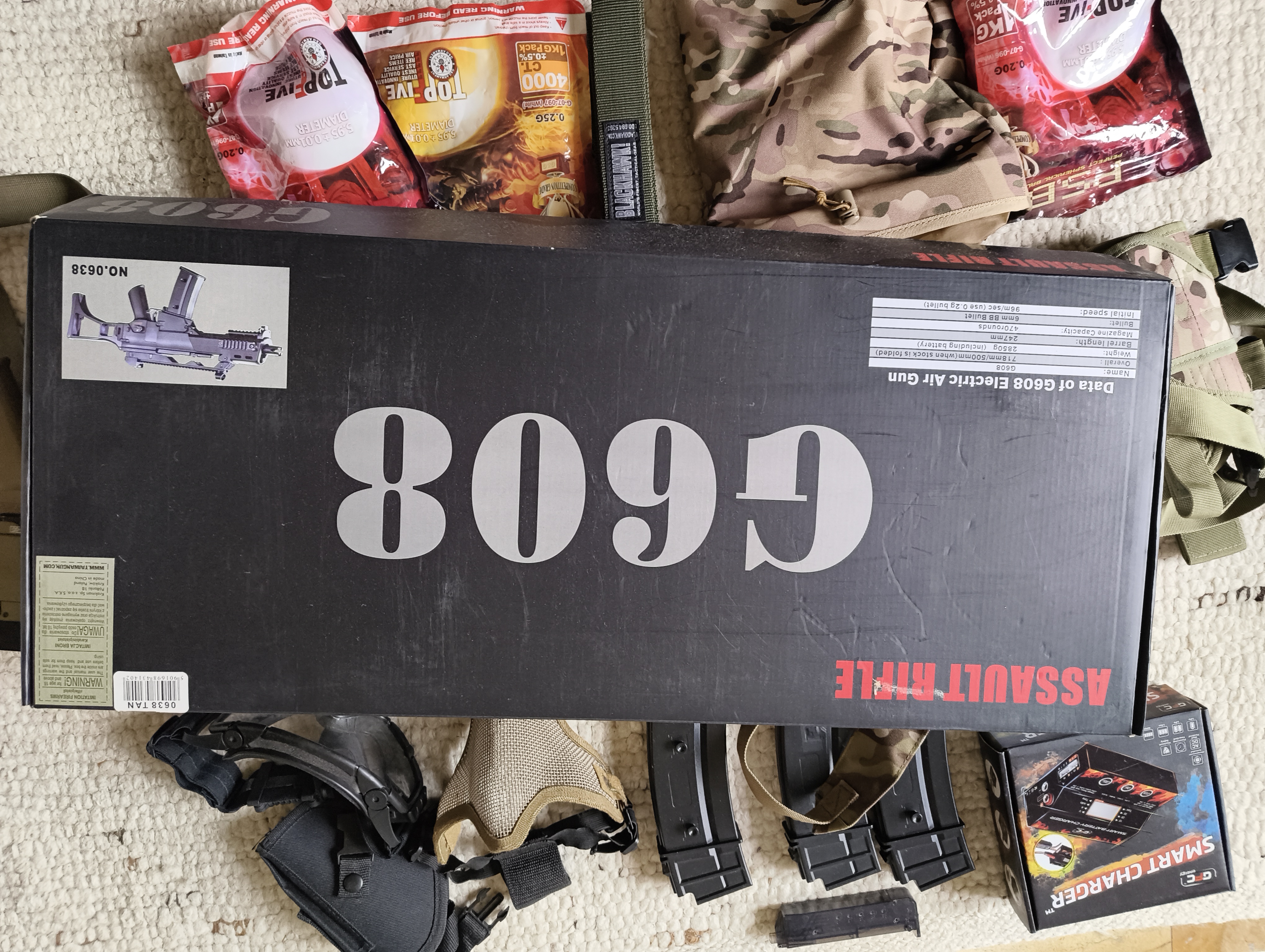 G36C JG - Bogaty zestaw: Ładowarka GFC, 3x Mid, Mechanix, Szpej.
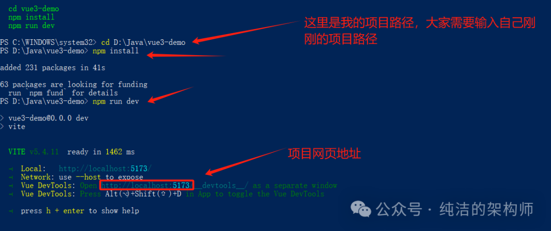 四、启动项目: 接下来我们按照截图最下面的命令,分别输入3个命令进行安装依赖性和启动项目
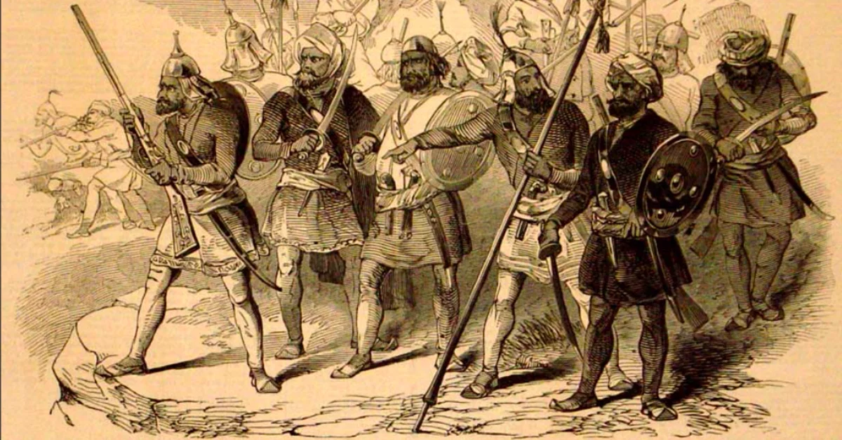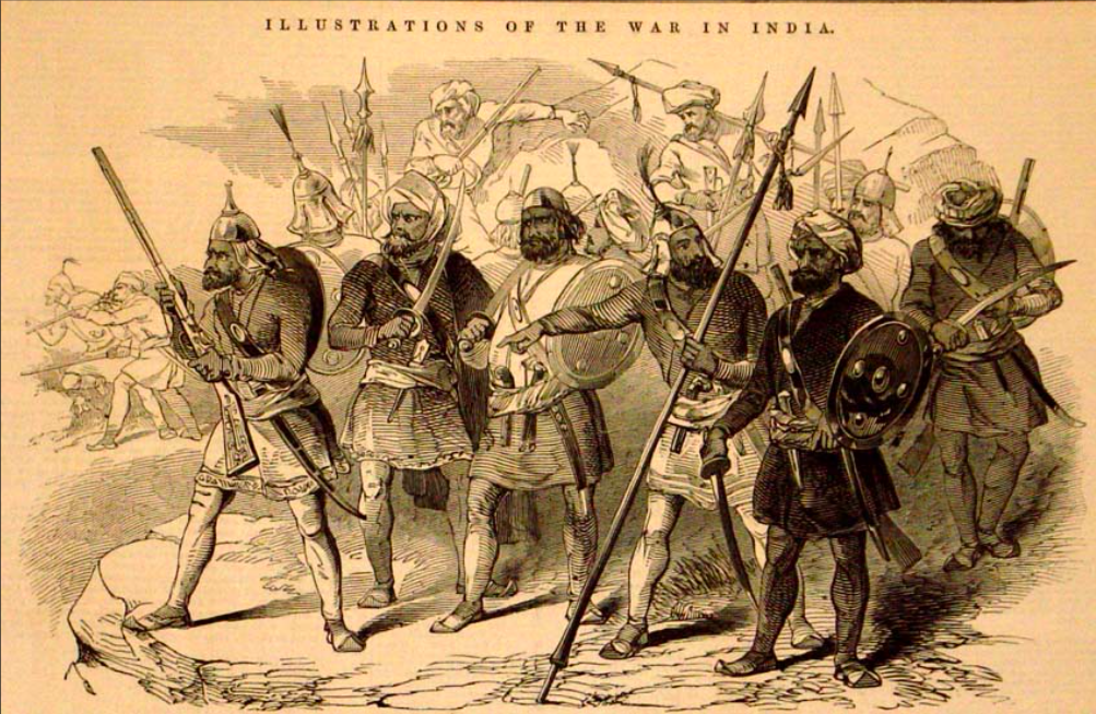 An 1846 illustration showing soldiers of the Sikh empire during the Anglo-Sikh Wars (1845-9) against the British East India Company. (By Lieut. G. F. Atkinson, London Illustrated News)
- - -
> _Exercise_
Without the pictures, write out the whole listing above exactly as it appears.

> _Finished exercise_
 G36C JG - Bogaty zestaw: Ładowarka GFC, 3x Mid, Mechanix, Szpej.
 四、启动项目: 接下来我们按照截图最下面的命令,分别输入3个命令进行安装依赖性和启动项目
 An 1846 illustration showing soldiers of the Sikh empire during the Anglo-Sikh Wars (1845-9) against the British East India Company. (By Lieut. G. F. Atkinson, London Illustrated News)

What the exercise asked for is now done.